Our ﬁrst objective was to document temperature regime variation across the central Massachusetts landscape. To do this, we compared the daily maximum, minimum, and mean temperatures (1) among three elevations and (2) among four habitat types representative of the landscape. Because night temperatures are important to the opossum, we compared different habitat/elevation combinations by time of day to identify regional variation in this ecologically important variable.
For our examination of temperature differences by elevation, we restricted our analysis to the 18 natural habitat sites. Daily mean, minimum, and maximum temperatures were calculated for each site. Of course, these daily parameters are, at all sites, most strongly inﬂuenced day to day by the seasonal weather pattern. Because we wished to look for how sites differ from one another, we concentrated on the difference among the sites for each parameter each day by standardizing daily parameters to the deviation from the average across sites. The resulting 125 samples of each deviation parameter were found to be normally distributed at each site. For each parameter we used SAS v.8 (SAS Institute, 1999) to perform a mixed-model ANOVA considering habitat and elevation as ﬁxed effects, with individual site as a nested random effect. Least squares means with Bonferroni corrections were used in pairwise comparison among elevations.
In comparing temperature regimes across four habitat types (urban, coniferous, deciduous, and open), we used only low-elevation sites (the only elevation of urban sites). As described above, we calculated the difference from the mean for each parameter (in this case, the mean of 8 low-elevation sites) for each day. We again performed a mixed-model ANOVA on these deviation parameters, considering habitat as a ﬁxed effect and individual site as a random nested effect.
To examine the temperature variation among sites by time of day, we focused on the contrast between natural habitat sites and urban sites. The difference between each natural site and the urban average was calculated for every time point. For each time of day, a natural site’s deviations from the urban were averaged over all days. We selected four time points for statistical comparison: 19:00 (used to predict opossum foraging by Brocke, 1970) and three other times spaced at 6-hour intervals (01:00, 07:00, 13:00). Bonferroni corrections were used to adjust for family-wise Type I error rates when comparing the four time points.

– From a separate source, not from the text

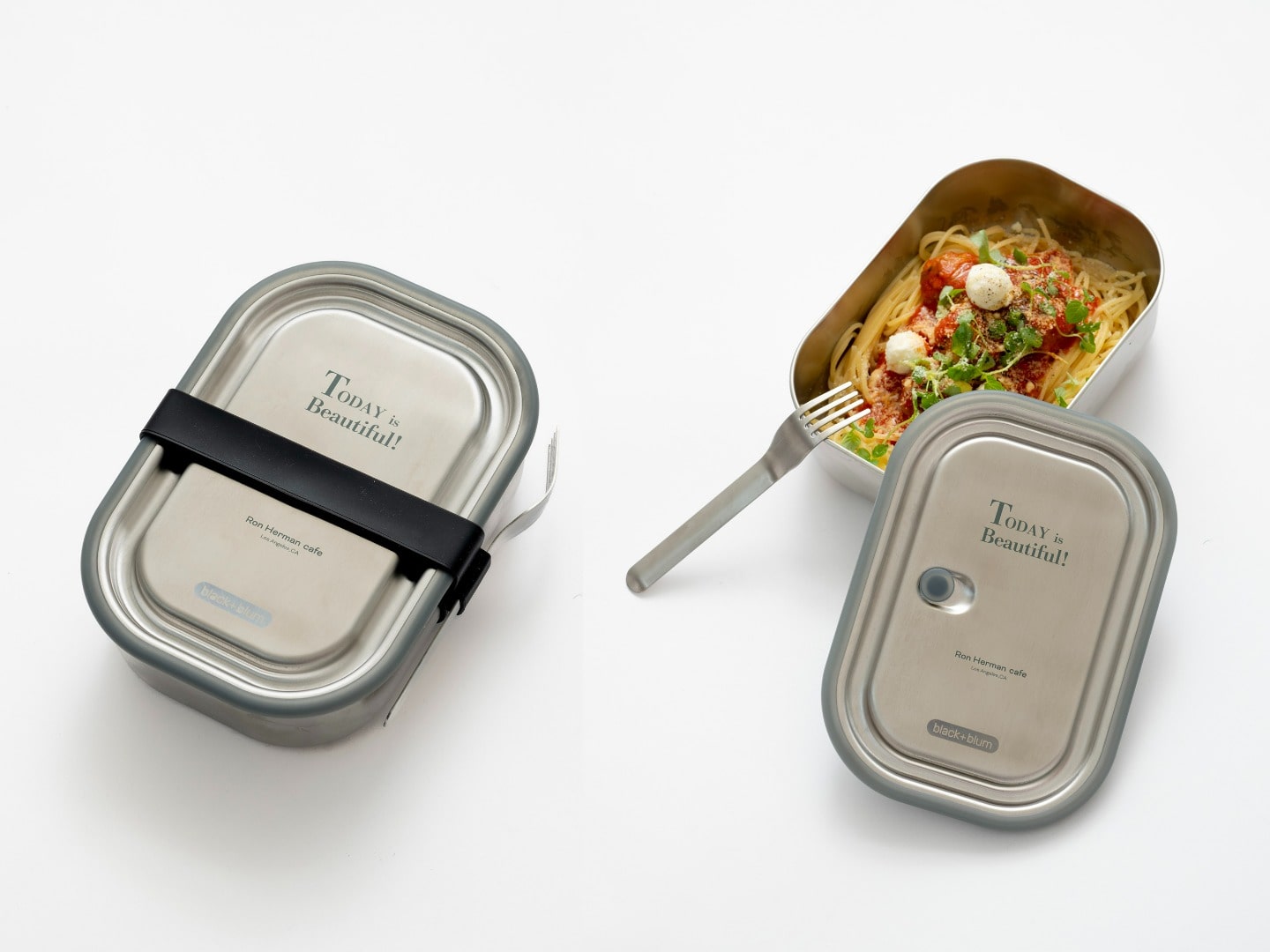 シンプルなデザインながらも様々なおかずや主菜を詰めて楽しむことができるステンレス製ランチボックス。日々繰り返し使うからこそ、シンプルで洗いやすくタフなものにこだわりました。また、オーブン調理用の器や冷蔵、冷凍の保存器としても使える多機能な部分も魅力のひとつです。蓋についているシリコンバルブで密閉できるので、食材の乾燥を防ぎ、汁漏れもしにくくなっています。さらに、専用フォークは付属のバンドで止めて収納ができます。

Because our sensors were of different type and in different housing than the local weather station, direct comparison of temperature records between our sites and the local station was not appropriate. However, we wished to evaluate the temperature index
MICROCLIMATE AND OPOSSUM SURVIVALcurrently used for evaluating regimes for opossum survival, the count of daily maxima ≤0◦ C as recorded by the weather station, for its ability to act as proxy for evening temperature regimes across the landscape. We counted the records from the local weather station of days with daily maximum ≤0◦ C, the days with evening temperatures ≤−4◦ C at each site and the days with daily maximum ≤0◦ C at each site. Counts from sites and station were compared to identify which (if any) evening temperature regimes across the landscape were warmer than predicted by maximum daily temperatures at the weather station.
Results Temperature variation by elevation Elevation was a signiﬁcant effect on differences among natural sites in daily maxima, mean, and minima, but did not have high explanatory power. Maximum temperatures cooled as elevation increased ( p = 0.013, r 2 = 0.123), though only the difference between the low and high elevations was signiﬁcant ( p = 0.014). Daily mean temperatures also cooled with higher elevation ( p = 0.013, r 2 = 0.193). Pairwise comparisons could not distinguish between daily means at low-and mid-elevation sites, but found high-elevation sites to be cooler than both ( p = 0.016 and p = 0.026, respectively).